UC DAVIS (US)—Scientists are hoping that an acre of rubber sheeting at the bottom of Lake Tahoe will control a dime-sized clam that is threatening the lake’s ecological balance, including its trademark clarity.
First observed in the lake in 2002, the population of the non-native Asian clam, Corbicula fluminea has reached thousands per square yard, mainly along the California-Nevada state line in the southeast corner of the lake.
The Asian clam is undesirable because it:
- Displaces native clams, snails and other organisms living on the lake bottom, which are important members of the lake’s native food web.
- Fosters the growth of bright green algae, which change the look of the water, and smell when they decompose.

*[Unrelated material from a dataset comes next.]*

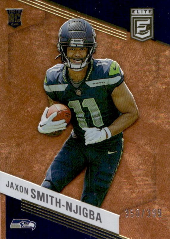 The Jaxon Smith-Njigba 2023 Elite #151 Orange /399 Rookie card in Raw condition has moved down -$3.96 (-36.2%) in the last 30 days and was last sold for $6.99 .

- Could help foster an invasion of quagga mussels, another aggressive non-native species, by creating desirable habitat for them.
The sheeting is expected to kill the clams by depriving them of oxygen and will remain in place all summer.
“The goal of this experiment is to determine whether it is feasible to control clams using impermeable bottom barriers,” explains Geoffrey Schladow, director of the Tahoe Environmental Research Center at University of California at Davis.
“We need to know how to efficiently deploy and remove large areas of rubber sheeting, and when it is all done, we must know whether the clams recolonize the treated areas.”
The ‘dissolved oxygen deprivation’ strategy was devised and tested on small patches of lake bottom last summer by Lake Tahoe experts at UC Davis and the University of Nevada, Reno.
That study and the results of this year’s acre-scale experiment will be used to help Tahoe Basin agencies develop a clam-management strategy.
The estimated $648,000 cost of the experimental treatment will be funded by the U.S. Fish and Wildlife Service, the Nevada Division of State Lands, and the Southern Nevada Public Land Management Act.